The ryzen 9 chips were pushed way past the optimal frequency/voltage curve for their single threaded boost speed which is a limitation of using TSMC’s N5 generic process node designed for wide application compatibility vs Intel 7 aka 10nm which was designed from the ground up with only concern towards Intel CPU performance so it makes sense that Intel 7 is still efficient at 5.8 ghz.
However, you can see that Zen 4 is a much more efficient architecture because, when the single thread frequency is reduced to within the TSMC’s 5nm node’s optimal range in its frequency/voltage curve, the zen 4 architecture is massively more efficient than anything Intel has. Just look at the single thread efficiency ramp up for zen 4: 7950x @ 5.7 ghz = 41.7 pts, 7700x @ 5.4 ghz = 83 pts (IE +100% single thread efficiency gain by dropping frequency by 300 MHz), then 7600x @ 5.3 ghz = 124.3 points (IE a + 50% efficiency gain by dropping frequency by another 100 MHz).

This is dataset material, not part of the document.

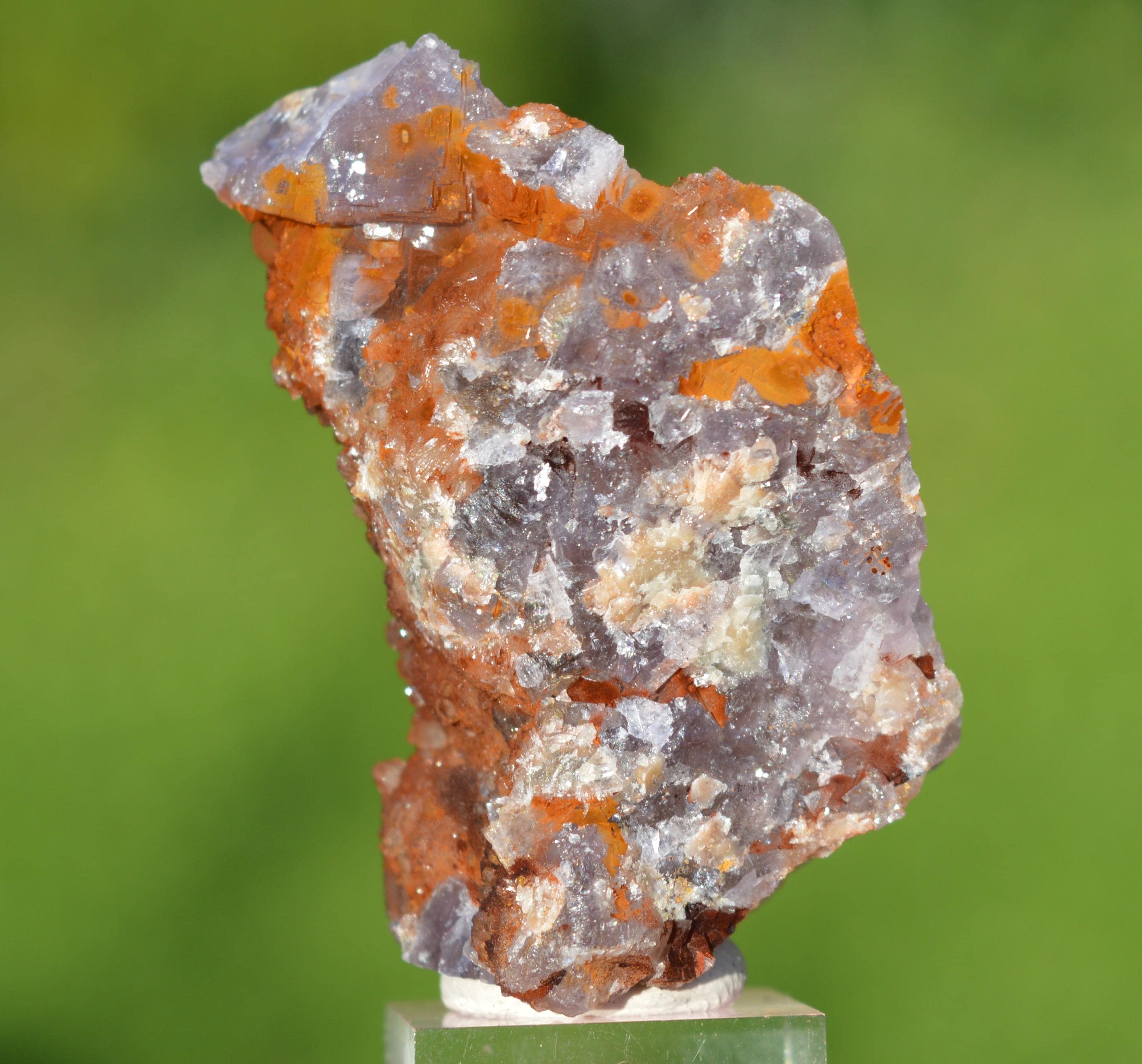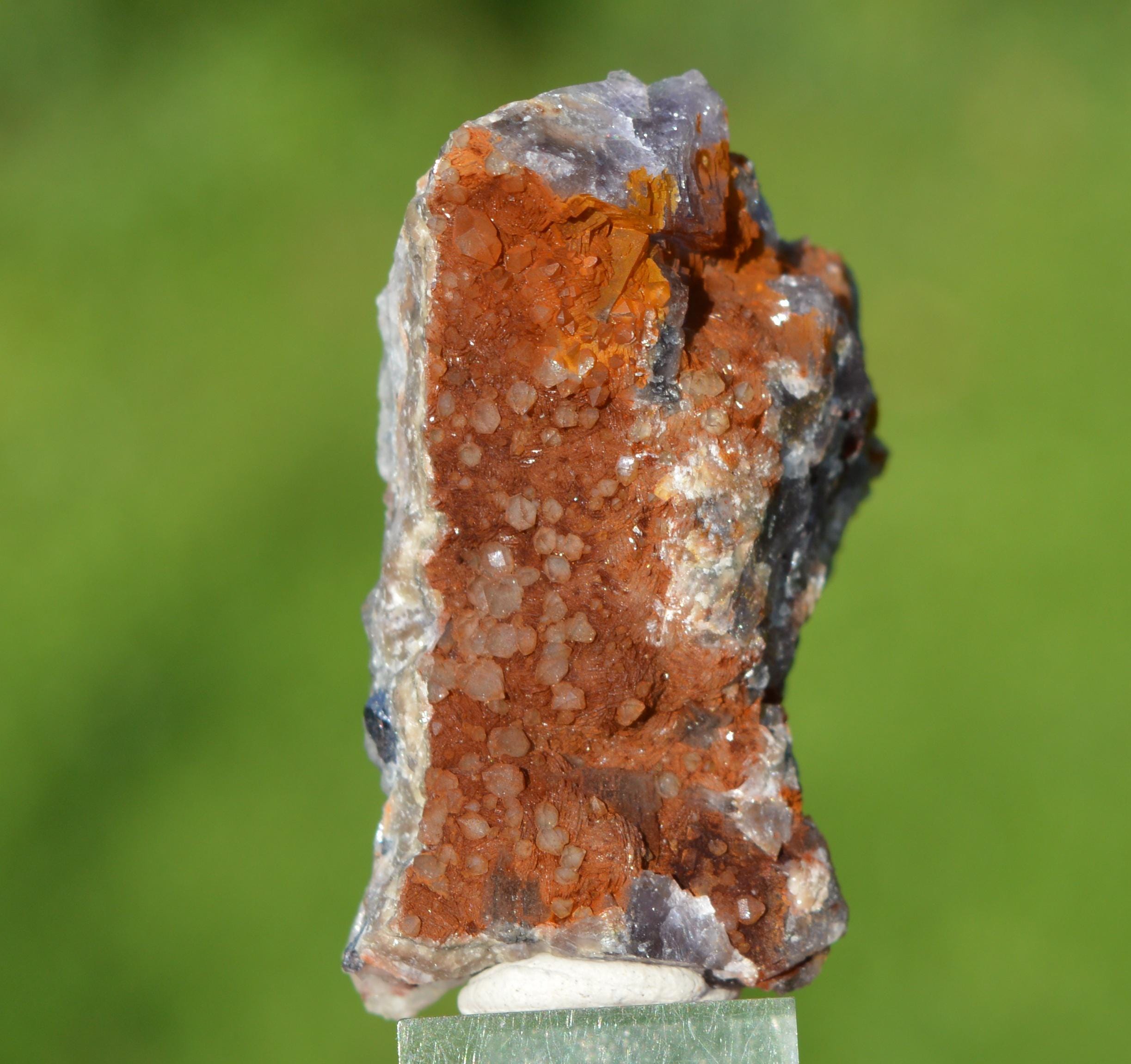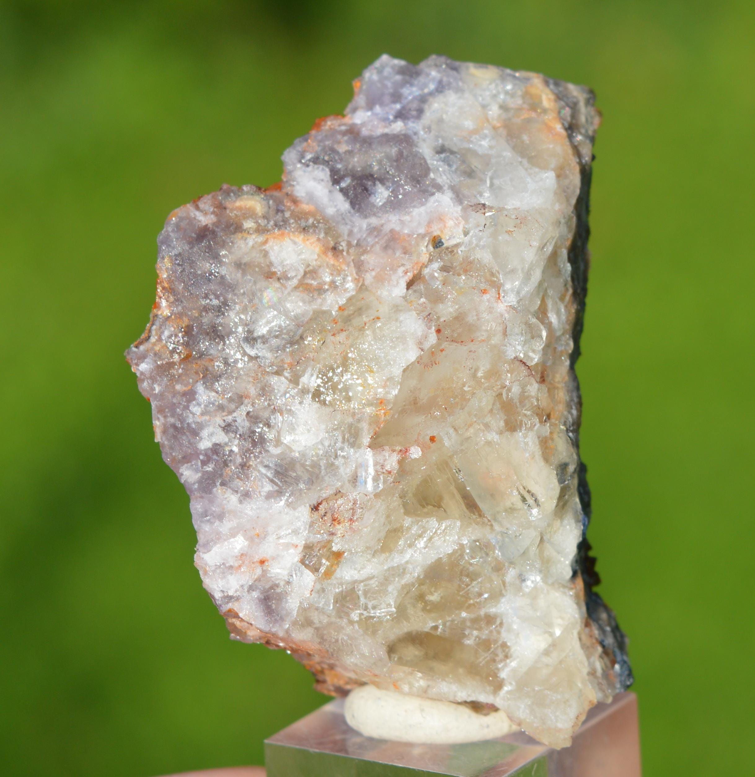 Quartz on barite (tinted red, probably not hematite) on massive fluorite.

Independent of process node, Zen 4 is a much better designed architecture from an efficiency point of view, and comparing zen 4 to raptor lake architecture using 7600x (which does not suffer from the inefficiency of running outside the optimal range of TSMC 5nm’s efficiency curve), the zen 4 architecture’s single thread efficiency is ~30% better than raptor lake p-core architecture @5.3 ghz vs 5.1 ghz respectively.
 
Keller specifically and Tenstorrent generally may be in the best position in the entire industry to make these comparisons. Moreso than even Intel or AMD. Recall that Keller specifically was instrumental in Zen's design, and went straight from there to Intel where he was worked on their CPU designs before heading to Tenstorrent. Additionally, Tenstorrent's talent is a who's who of CPU designers that have intimate knowledge of the designs around the industry.
Jim Keller is awesome. For a long time, K10 was pretty much my favorite architecture.

He's the reason I bought in on the Tenstorrent offering. So I'm pretty happy to finally see news releases on Tenstorrent. They need to keep using Keller as a tech celebrity to just provide expert views like this.